**REQUIRED WORK:**
Copy the lines below exactly, starting at the one with "- Test1: usando" and ending at the one with "Добавить зелень, соль, перец", and leave out any picture.

**MATERIAL FOR THIS EXERCISE:**
- - - - - - -
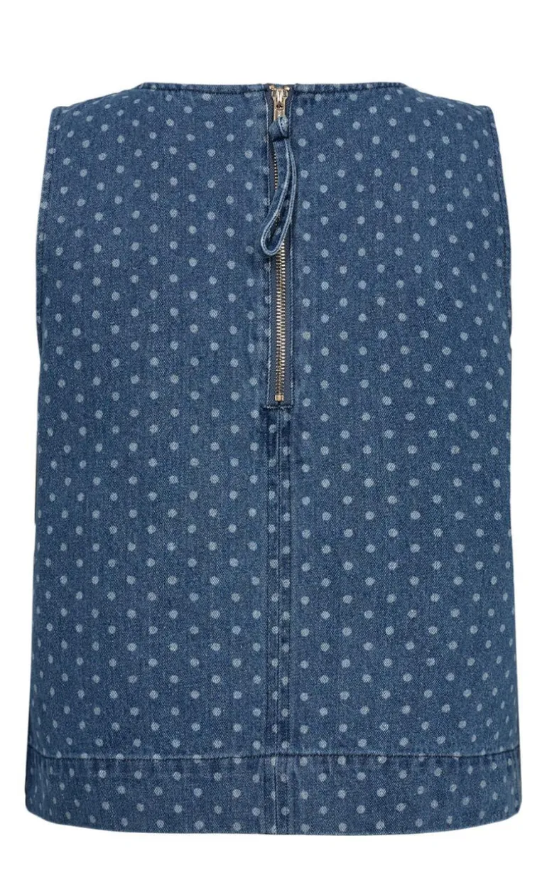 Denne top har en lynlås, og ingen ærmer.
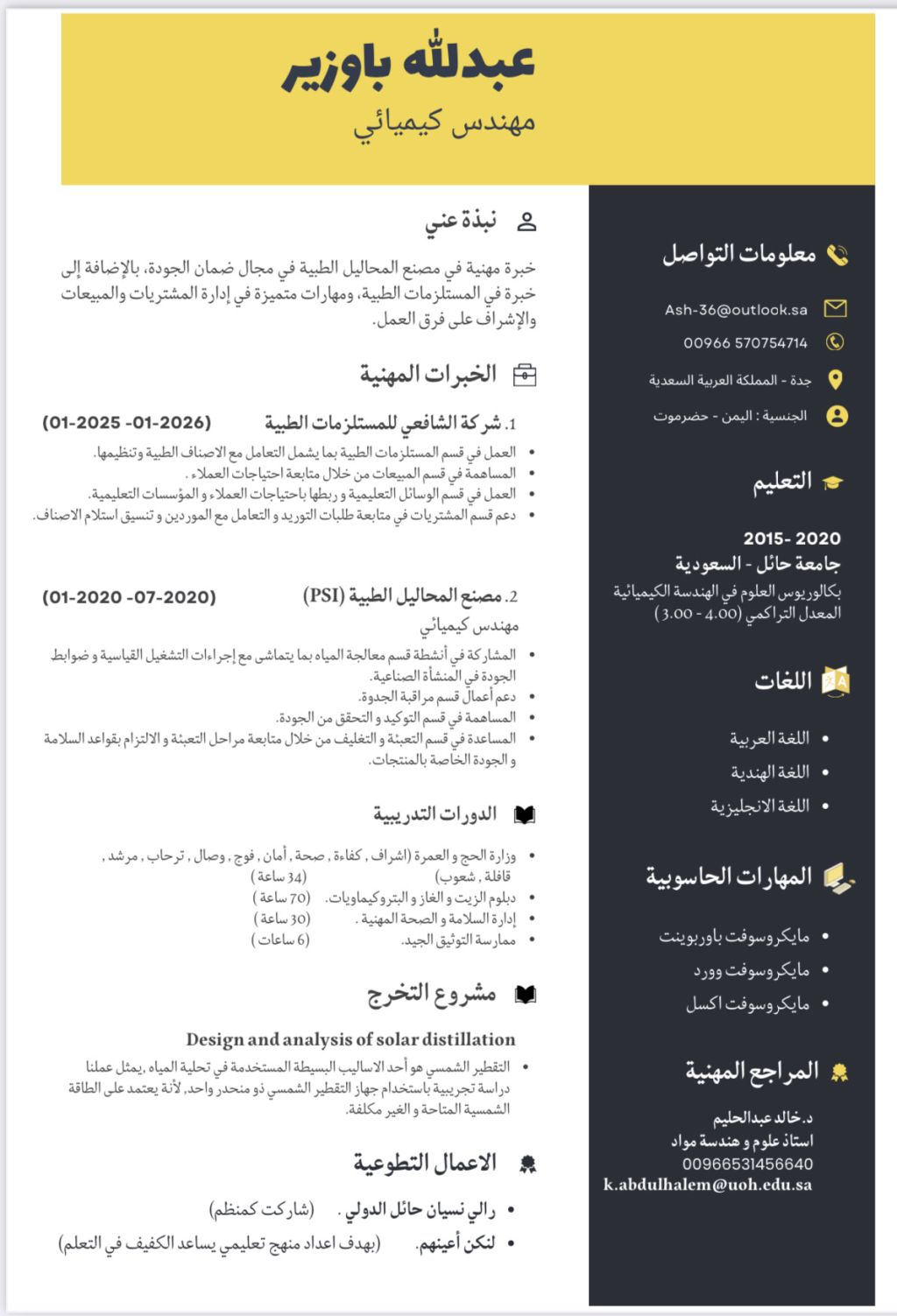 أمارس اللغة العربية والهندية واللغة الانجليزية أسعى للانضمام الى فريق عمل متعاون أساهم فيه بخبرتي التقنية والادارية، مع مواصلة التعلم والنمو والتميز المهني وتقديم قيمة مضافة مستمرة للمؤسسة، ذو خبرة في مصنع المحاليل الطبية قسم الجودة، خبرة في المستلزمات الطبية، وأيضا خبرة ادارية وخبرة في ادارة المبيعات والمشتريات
- - - - - - -
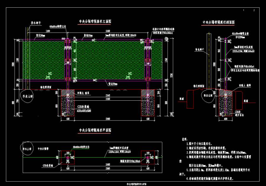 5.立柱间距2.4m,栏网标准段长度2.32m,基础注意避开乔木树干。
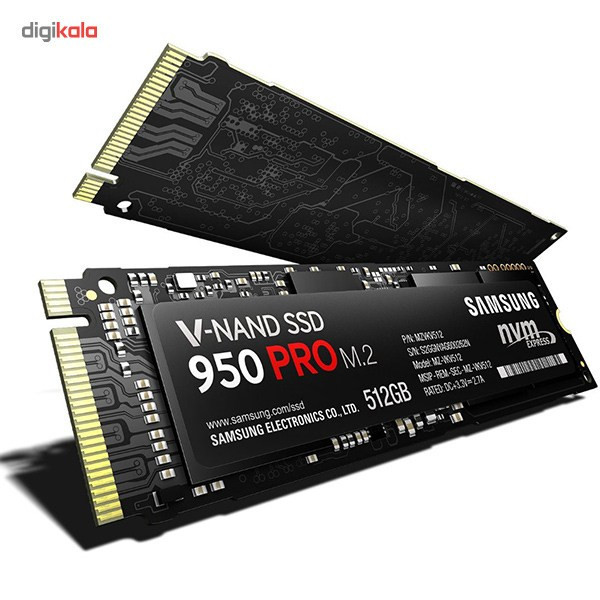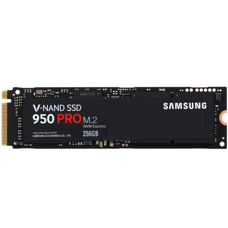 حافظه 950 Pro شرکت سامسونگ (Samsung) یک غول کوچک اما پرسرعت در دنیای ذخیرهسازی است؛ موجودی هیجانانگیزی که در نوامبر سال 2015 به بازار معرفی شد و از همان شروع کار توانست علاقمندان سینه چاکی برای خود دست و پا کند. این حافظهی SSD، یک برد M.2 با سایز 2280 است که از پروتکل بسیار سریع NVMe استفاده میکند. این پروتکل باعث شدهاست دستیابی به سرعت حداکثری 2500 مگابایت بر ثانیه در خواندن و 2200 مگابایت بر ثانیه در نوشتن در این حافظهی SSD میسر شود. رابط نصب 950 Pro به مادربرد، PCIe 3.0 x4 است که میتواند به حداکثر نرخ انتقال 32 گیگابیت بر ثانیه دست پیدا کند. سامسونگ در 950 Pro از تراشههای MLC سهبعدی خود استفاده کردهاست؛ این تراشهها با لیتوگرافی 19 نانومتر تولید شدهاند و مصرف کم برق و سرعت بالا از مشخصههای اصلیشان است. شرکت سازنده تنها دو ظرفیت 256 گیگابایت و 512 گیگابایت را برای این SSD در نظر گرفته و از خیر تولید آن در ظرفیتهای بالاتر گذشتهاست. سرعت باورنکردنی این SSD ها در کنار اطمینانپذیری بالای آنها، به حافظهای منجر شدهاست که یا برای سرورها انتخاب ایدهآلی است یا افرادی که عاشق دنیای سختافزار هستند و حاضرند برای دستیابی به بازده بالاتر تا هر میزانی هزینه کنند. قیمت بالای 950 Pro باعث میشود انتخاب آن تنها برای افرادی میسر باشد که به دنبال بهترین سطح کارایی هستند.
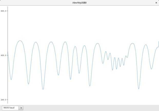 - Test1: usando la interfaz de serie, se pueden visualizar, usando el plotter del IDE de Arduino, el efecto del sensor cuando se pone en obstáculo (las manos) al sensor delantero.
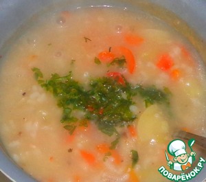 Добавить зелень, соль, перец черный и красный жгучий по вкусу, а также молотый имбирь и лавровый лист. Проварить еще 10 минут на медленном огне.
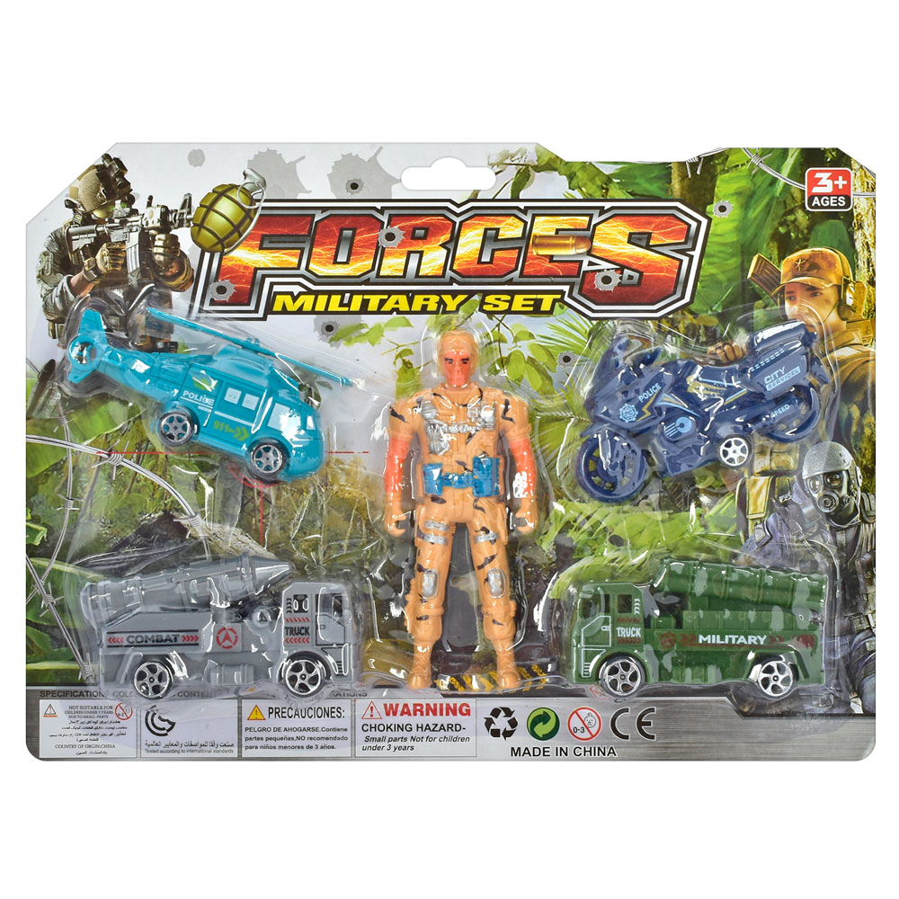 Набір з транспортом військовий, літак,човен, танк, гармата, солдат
- - - - - - -
**TASK ANSWER:**
 - Test1: usando la interfaz de serie, se pueden visualizar, usando el plotter del IDE de Arduino, el efecto del sensor cuando se pone en obstáculo (las manos) al sensor delantero.
 Добавить зелень, соль, перец черный и красный жгучий по вкусу, а также молотый имбирь и лавровый лист. Проварить еще 10 минут на медленном огне.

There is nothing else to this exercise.